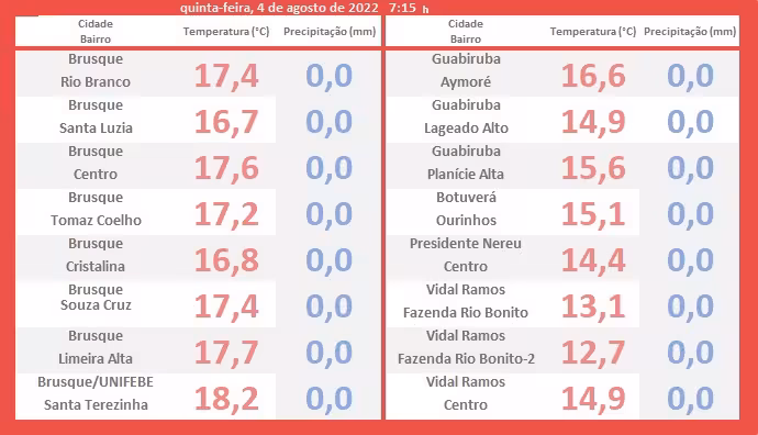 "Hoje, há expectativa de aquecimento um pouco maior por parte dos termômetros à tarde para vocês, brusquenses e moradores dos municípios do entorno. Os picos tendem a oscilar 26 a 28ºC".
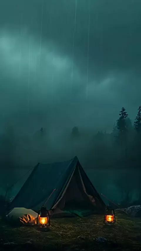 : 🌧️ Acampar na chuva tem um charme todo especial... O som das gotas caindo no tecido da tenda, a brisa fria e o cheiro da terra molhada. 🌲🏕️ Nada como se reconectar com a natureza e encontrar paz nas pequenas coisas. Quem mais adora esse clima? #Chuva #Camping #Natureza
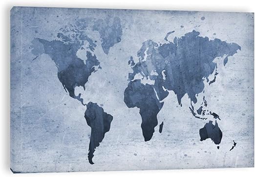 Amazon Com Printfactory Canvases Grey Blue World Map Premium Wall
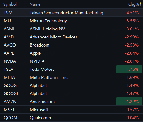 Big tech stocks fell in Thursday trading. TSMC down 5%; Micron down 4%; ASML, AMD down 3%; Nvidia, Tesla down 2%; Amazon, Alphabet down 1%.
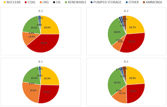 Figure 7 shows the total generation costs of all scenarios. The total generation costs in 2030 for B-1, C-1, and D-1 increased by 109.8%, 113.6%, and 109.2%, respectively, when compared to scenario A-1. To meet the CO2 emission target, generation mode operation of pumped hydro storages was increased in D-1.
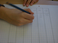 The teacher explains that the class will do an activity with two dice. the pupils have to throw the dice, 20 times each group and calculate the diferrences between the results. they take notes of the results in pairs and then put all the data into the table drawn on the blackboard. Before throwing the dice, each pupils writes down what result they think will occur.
----------
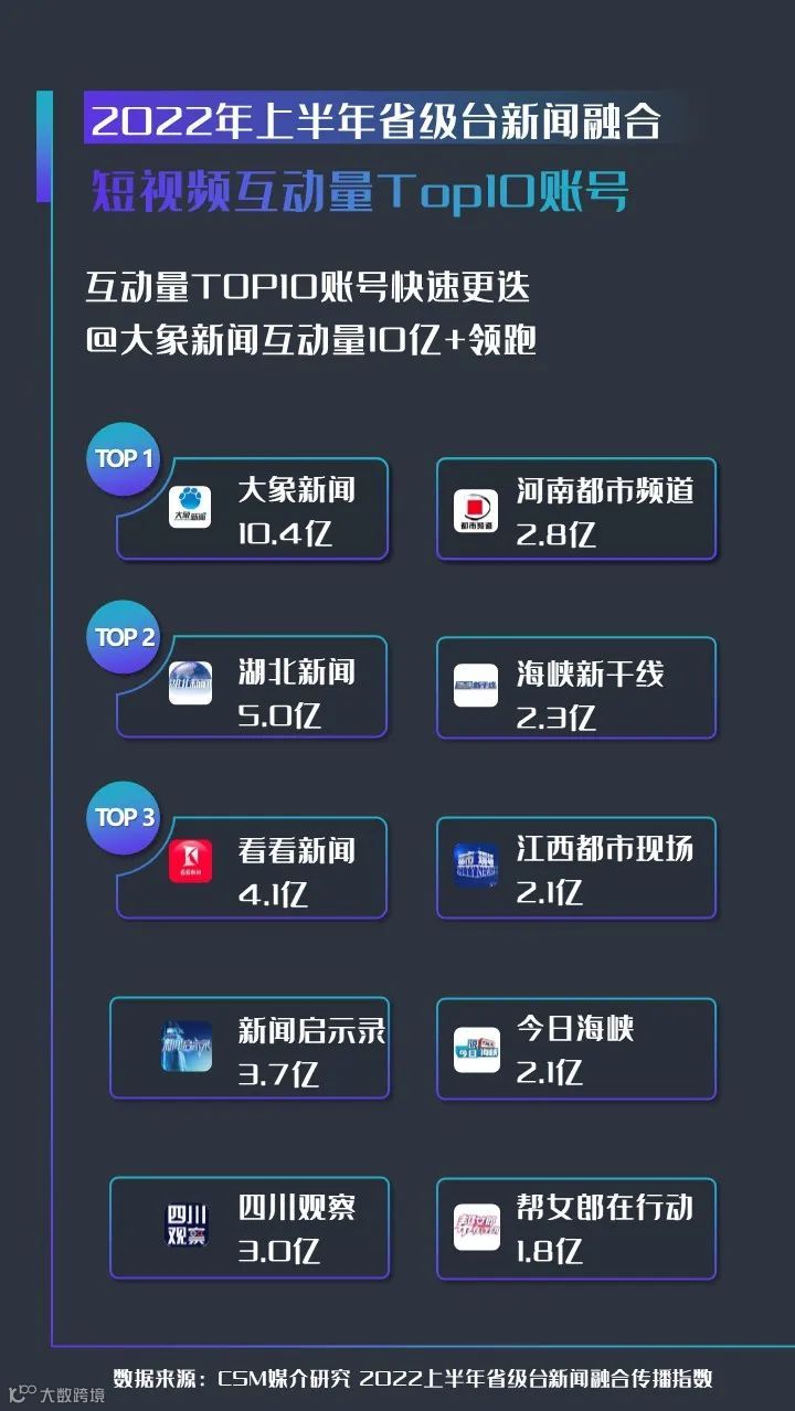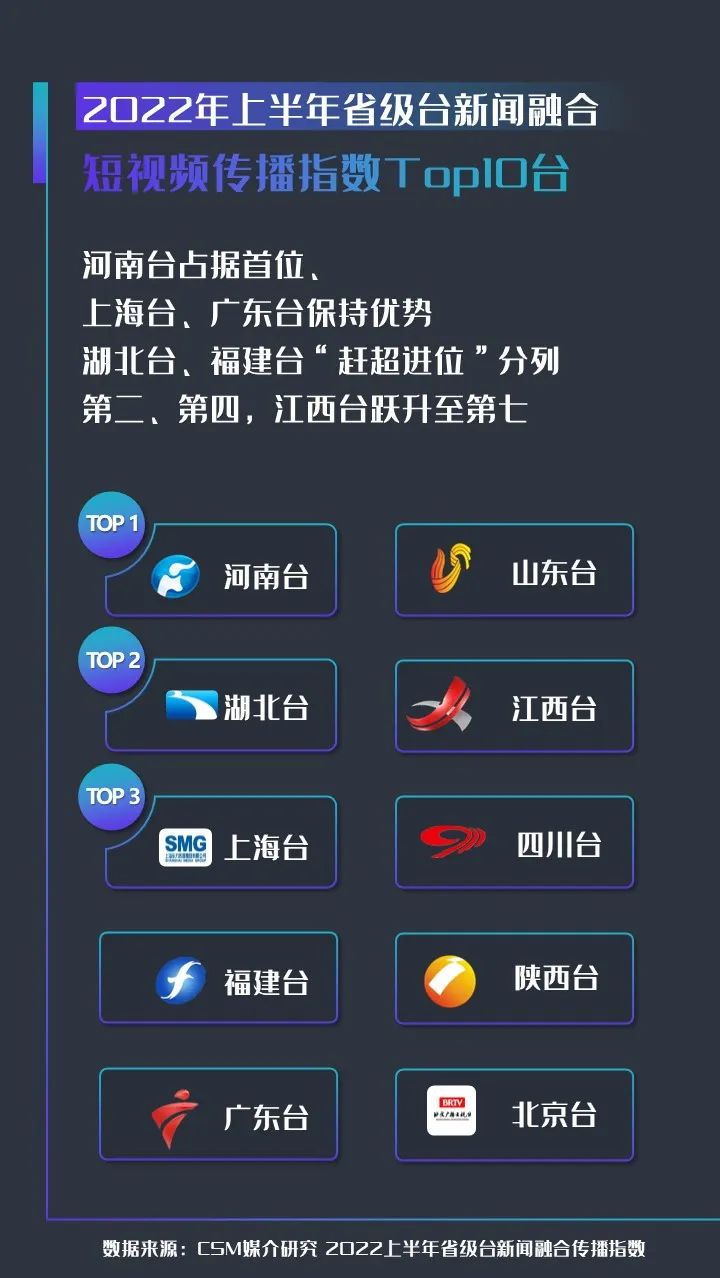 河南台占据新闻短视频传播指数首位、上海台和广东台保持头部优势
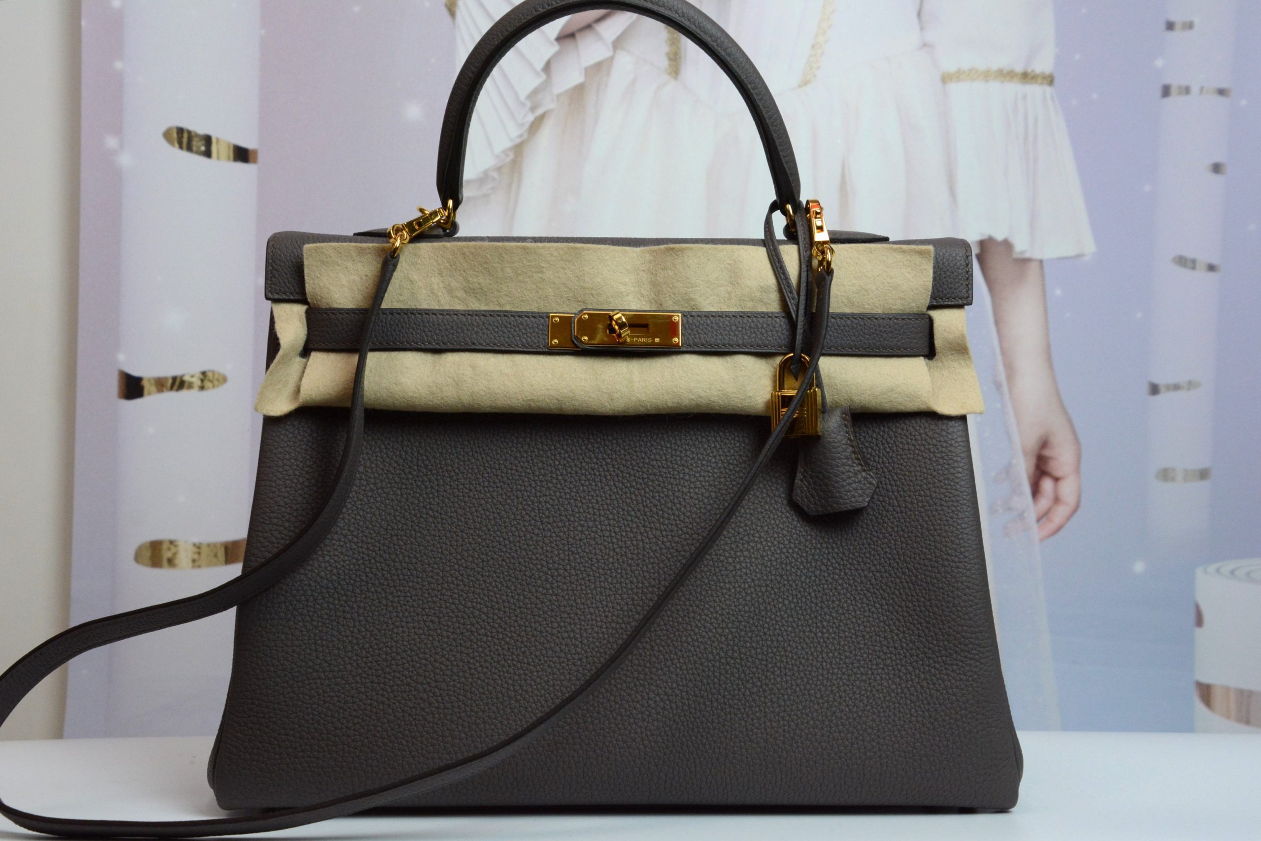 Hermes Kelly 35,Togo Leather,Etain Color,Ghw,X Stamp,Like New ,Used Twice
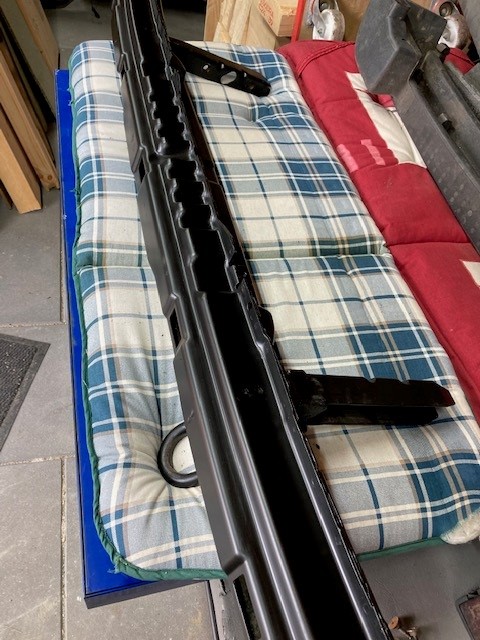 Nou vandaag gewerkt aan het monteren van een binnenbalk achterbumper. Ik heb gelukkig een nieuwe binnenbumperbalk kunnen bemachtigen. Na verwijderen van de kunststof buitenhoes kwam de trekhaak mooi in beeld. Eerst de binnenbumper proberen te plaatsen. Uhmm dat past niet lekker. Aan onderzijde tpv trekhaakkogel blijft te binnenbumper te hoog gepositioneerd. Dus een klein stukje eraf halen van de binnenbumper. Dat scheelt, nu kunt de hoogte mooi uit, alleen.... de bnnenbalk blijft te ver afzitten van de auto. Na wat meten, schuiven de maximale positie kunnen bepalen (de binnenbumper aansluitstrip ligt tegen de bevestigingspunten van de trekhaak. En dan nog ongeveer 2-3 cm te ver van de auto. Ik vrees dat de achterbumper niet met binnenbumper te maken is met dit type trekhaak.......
----------
• WORK TO BE COMPLETED:
Repeat exactly the lines above, from the line that contains "Amazon Com Printfactory" down through the line that contains "Figure 7 shows". Include both of those lines and none of the pictures.

• SOLUTION FOR THIS EXERCISE:
 Amazon Com Printfactory Canvases Grey Blue World Map Premium Wall
 Big tech stocks fell in Thursday trading. TSMC down 5%; Micron down 4%; ASML, AMD down 3%; Nvidia, Tesla down 2%; Amazon, Alphabet down 1%.
 Figure 7 shows the total generation costs of all scenarios. The total generation costs in 2030 for B-1, C-1, and D-1 increased by 109.8%, 113.6%, and 109.2%, respectively, when compared to scenario A-1. To meet the CO2 emission target, generation mode operation of pumped hydro storages was increased in D-1.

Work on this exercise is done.